» Information supplied
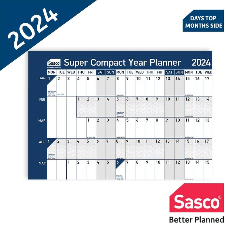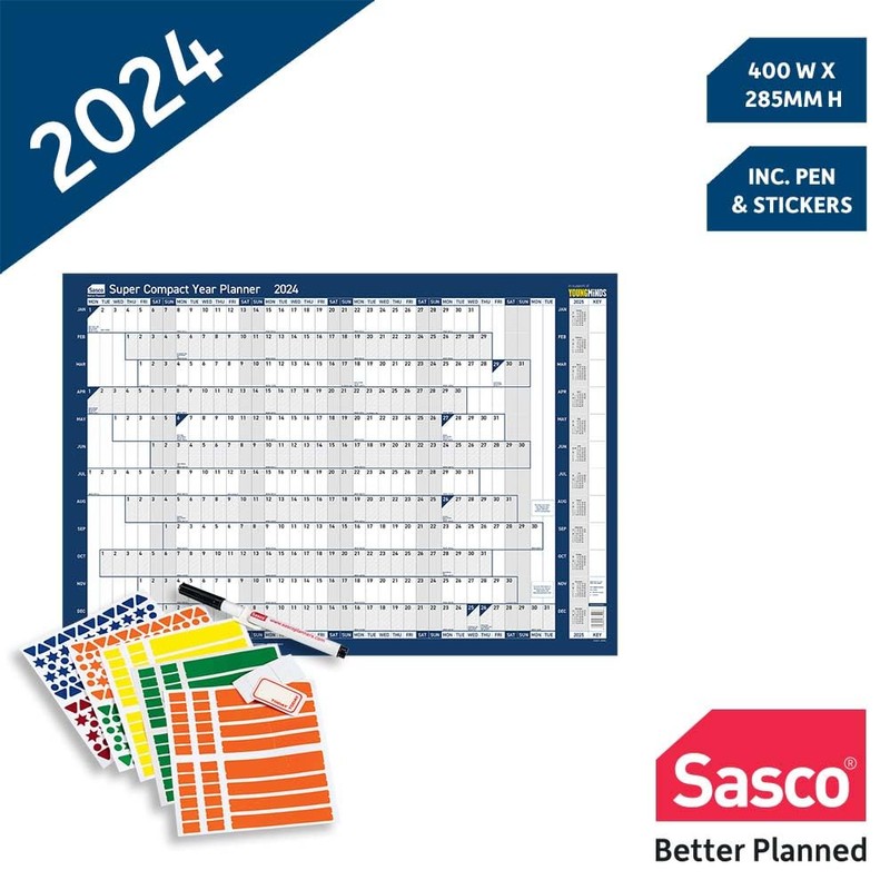 - Contents: 1 x Sasco 2024 Compact Year Wall Planner, poster style daily planner, Blue, measures W400 x H285mm, with wet wipe marker pen, pen clip and sticker pack included (2410217)
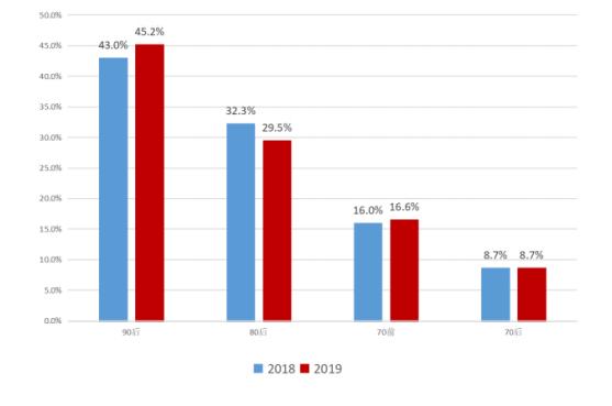 女性和 90 后为主要养宠群体。从宠物主人性别分布看,宠物主人主要为女性,且占了88.40%的大比重,仅有 11.60%的宠物主人为男性。从年龄分布看,90 后是主要的养宠群体,2019 年宠物主人中有 45.5%为 90 后,比 2018 年提升 2.2%,且其中 95 后占比已达到35.6%,说明养宠人群的年轻化。90 后作为养宠主要人群,在消费观念上与中老年人有显著区别,普遍对宠物消费持有更开放的态度。
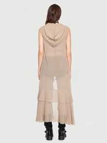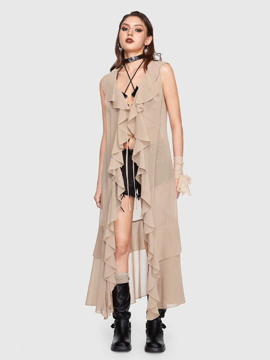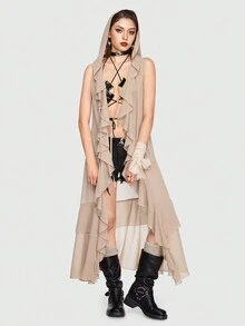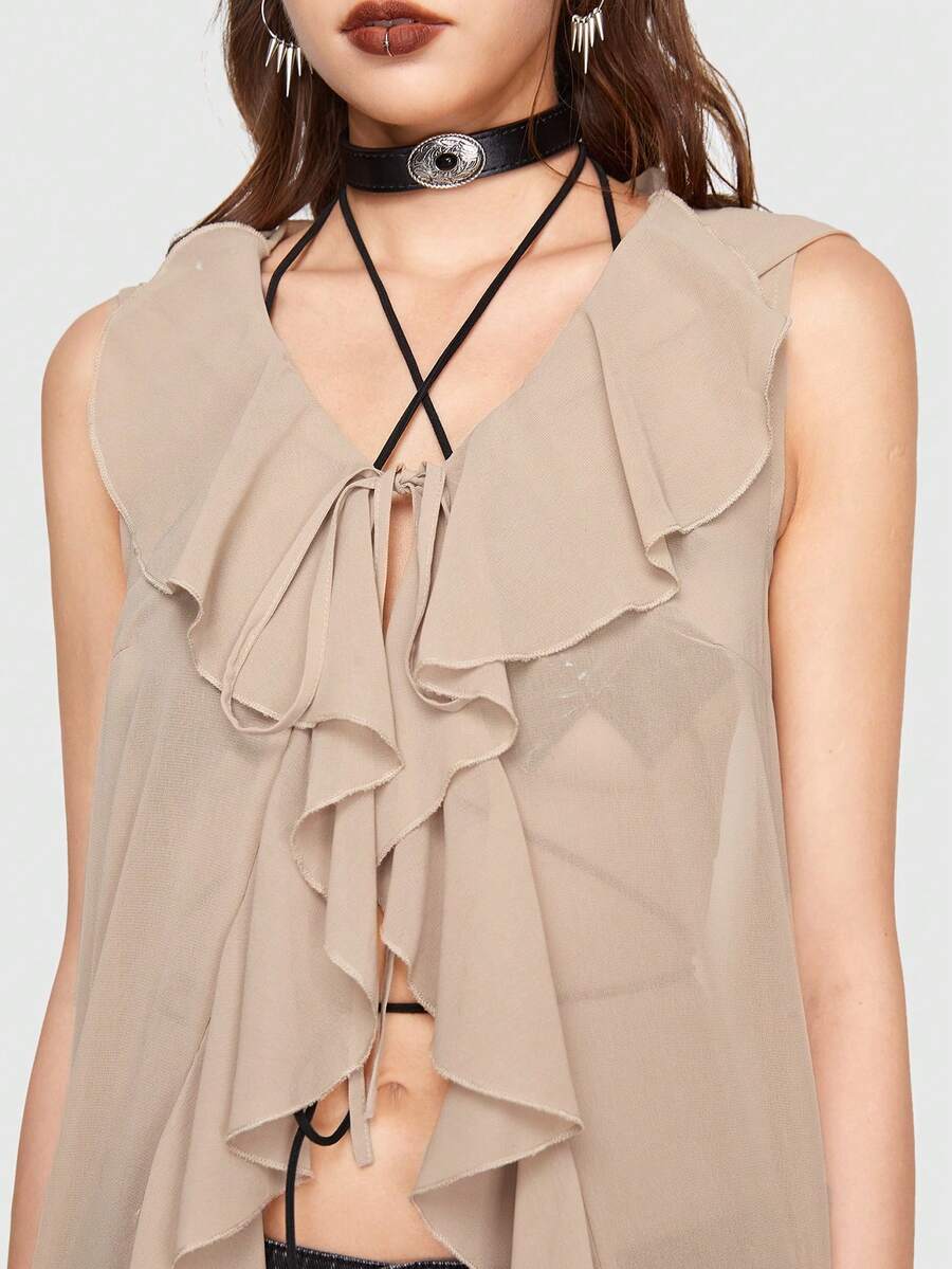 Grunge Punk Tie Front Ruffle Trim Hooded Longline Top

» Exercise objective
Any picture in the data is to be skipped, while each line is returned exactly as written.

» Finished exercise
 - Contents: 1 x Sasco 2024 Compact Year Wall Planner, poster style daily planner, Blue, measures W400 x H285mm, with wet wipe marker pen, pen clip and sticker pack included (2410217)
 女性和 90 后为主要养宠群体。从宠物主人性别分布看,宠物主人主要为女性,且占了88.40%的大比重,仅有 11.60%的宠物主人为男性。从年龄分布看,90 后是主要的养宠群体,2019 年宠物主人中有 45.5%为 90 后,比 2018 年提升 2.2%,且其中 95 后占比已达到35.6%,说明养宠人群的年轻化。90 后作为养宠主要人群,在消费观念上与中老年人有显著区别,普遍对宠物消费持有更开放的态度。
 Grunge Punk Tie Front Ruffle Trim Hooded Longline Top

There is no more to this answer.